Das gelang, wie mehrere tausend Ford-Werker in Köln live verfolgen konnten. Der deutsche Haupt-Standort der amerikanischen Marke wurde zum Schauplatz einer ungewöhnlichen Public-Viewing-Aktion. Rund 3000 Plätze vor der Großbildleinwand auf dem Werksgelände waren im Nu ausgebucht, harte Positionskämpfe, spektakuläre Überholmanöver und atemlose Boxenstopps der in den Jahreszahlen der letzten Ford-Siege durchnummerierten US-Starter übten an diesem Wochenende deutlich mehr Anziehungskraft aus als die Partien der Fußball-Europameisterschaft.

Noch an einer anderen Stelle Kölns wurde um Teilnehmer des Le-Mans-Rennen gefiebert.
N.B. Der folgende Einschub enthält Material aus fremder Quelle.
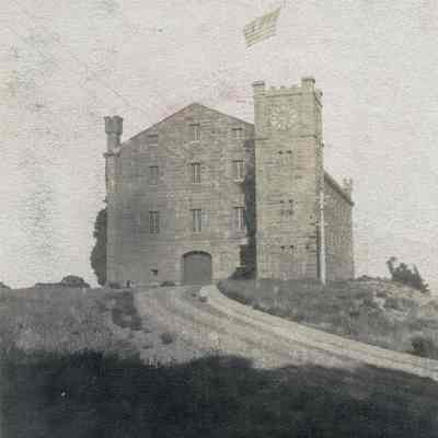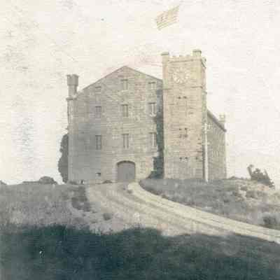 This is a photograph of the Clock Tower (building #29) before the explosion and fire in October, 1912. It shows the three stories of the building and with very little vegetation around the building.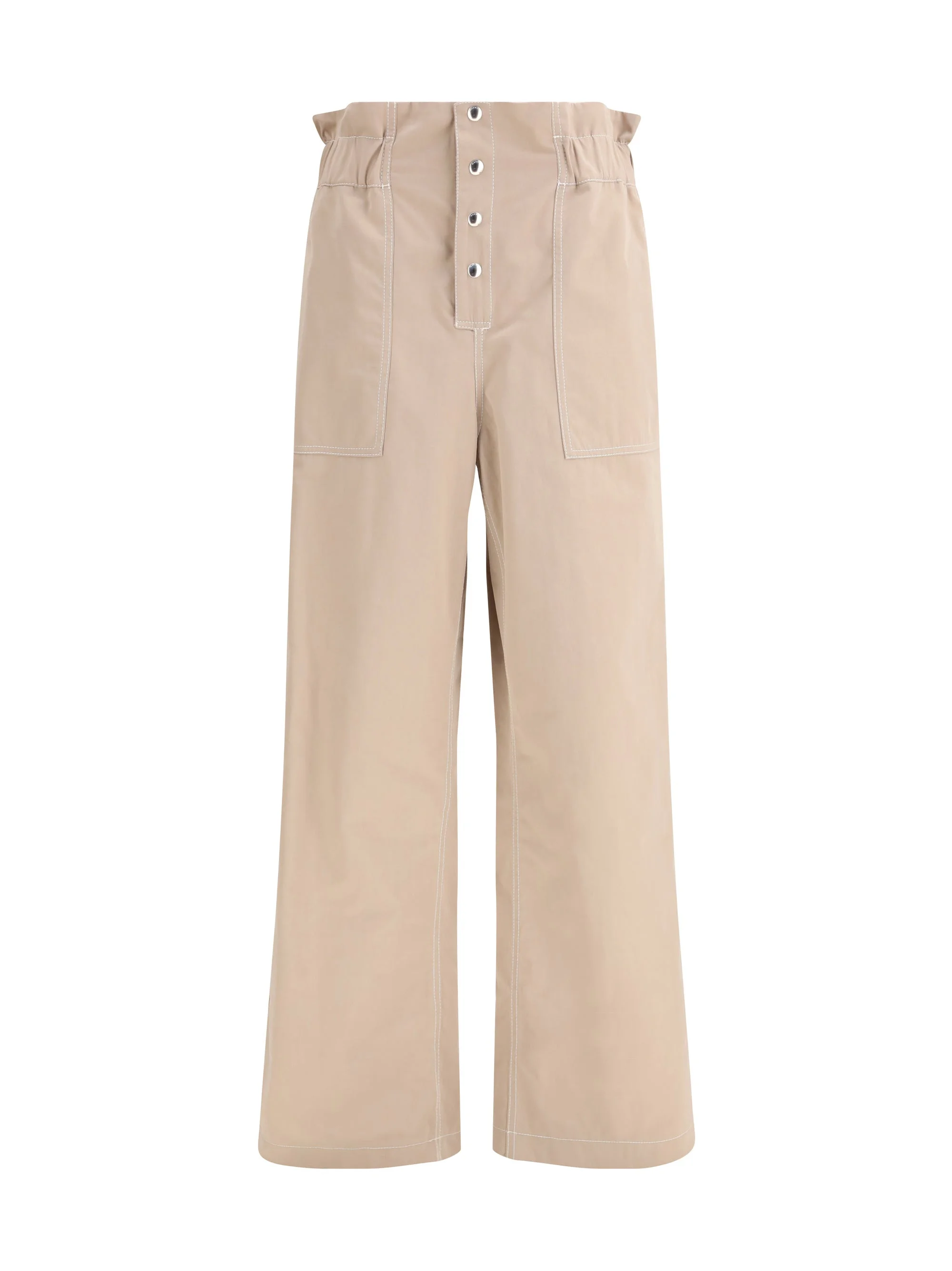 BEIGE GABARDINE PANTS WITH PAPERBAG WAIST

In der Domstadt ist das Toyota-Team für die FIA-Langstrecken-Weltmeisterschaft beheimatet. Aus dem ehemaligen Formel-1-Rennstall der japanischen Marke ist die Crew hervorgegangen, die in diesem Jahr den wahrscheinlich besten Hybrid-Prototypen auf die Räder gestellt hat. Beim Rennen in Silverstone im April hatte der 875 Kilogramm leichte Wagen seine Karbon-Nase bis auf den zweiten Platz vorgeschoben.
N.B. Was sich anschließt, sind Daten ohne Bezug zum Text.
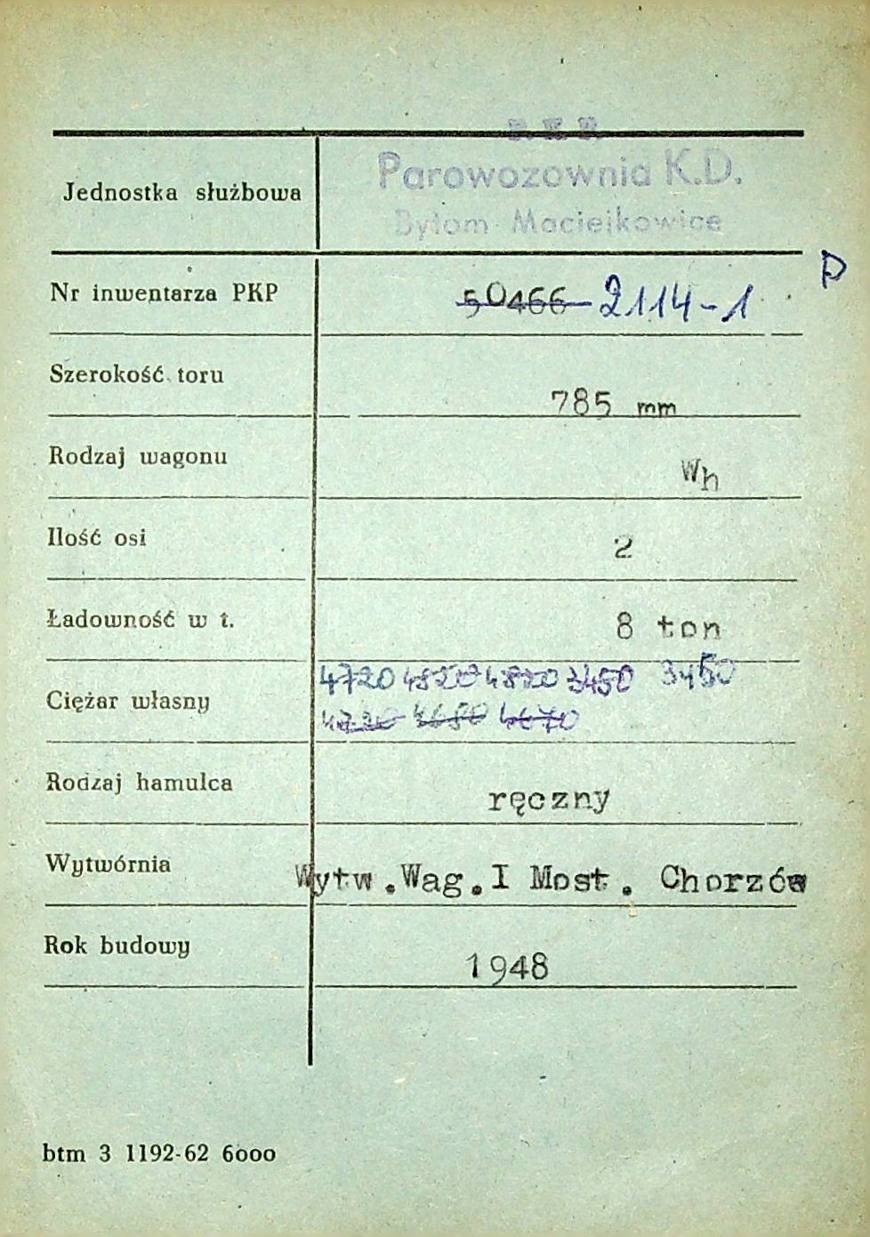 Karta wagonu Górnośląskich Kolei Wąskotorowych |

Ein technischer Defekt beim Konkurrenten Porsche rief gestern Vormittag in Le Mans Erinnerungen an jenes Rennen der Gruppe-C-Weltmeisterschaft wach, das vor 25 Jahren für ein bis heute einzigartiges Le-Mans-Ergebnis gesorgt hatte. Das lange führende Fahrzeug - 1991 ein Sauber-Mercedes - wurde durch einen Wasserpumpen-Defekt aus dem Rennen katapultiert, worauf am Ende der erste (und bis heute einzige) japanische Teilnehmer - der Mazda 787B - gewann. Ein Defekt der Wasserpumpe war es auch 2016, die dem Titelverteidiger-Team aus Mark Webber, Timo Bernhard und Brendon Hartley den Garaus machte. Toyota behauptete daraufhin souverän die Spitzenposition und es gab allen Grund zu der Vermutung, dass sie 25 Jahre nach Mazda für den zweiten japanischen Sieg sorgen könnten.
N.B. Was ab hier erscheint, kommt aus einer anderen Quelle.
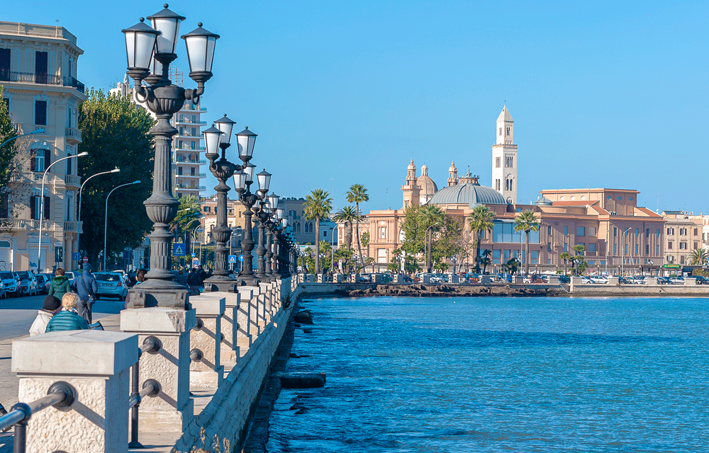 A circa 40 minuti, Bari offre l’energia del capoluogo pugliese: Bari Vecchia con le sue orecchiette fatte a mano, la Basilica di San Nicola e il lungomare tra i più belli d’Italia. Una città viva, dinamica e ricca di eventi culturali.

Aber Geschichte wiederholt sich eben doch nicht, wie Kazuki Nakajima um 14.53 Uhr gestern am Steuer seines TS050-Hybriden auf so bittere Weise erfahren musste. Sein Fahrerkollege Joey Hand im Ford GT mit der Nummer 68 hatte es da schon besser. Auf den Spuren von Chris Amon und Bruce McLaren, die vor 50 Jahren für Ford den 24-Stunden-Pokal geholt hatten, gelang es ihm, die Ferrari-Konkurrenz nieder zu halten. Denkbar knapp am Ende, denn nach einer Renndistanz von 4624 Kilometern in der GTE-Pro-Klasse lagen Sieger und der Zweitplazierte Giancarlo Fisichella nur 10,2 Sekunden auseinander.

Ein Dreher in der letzten Rennstunde hatte für den Ferrari 488 die Chancen auf einen Klassensieg zunichte gemacht. Im Unterschied zum Zieleinlauf 1966 konnte sich die Startnummer 82 aber zwischen den beiden Autos aus Dearborn behaupten und so, wenn schon nicht Revanche nehmen, doch wenigstens eine Wiederholung des damaligen Dreifachsieges verhindern - einfach nur, damit Geschichte sich nicht wiederholt. (ampnet/afb)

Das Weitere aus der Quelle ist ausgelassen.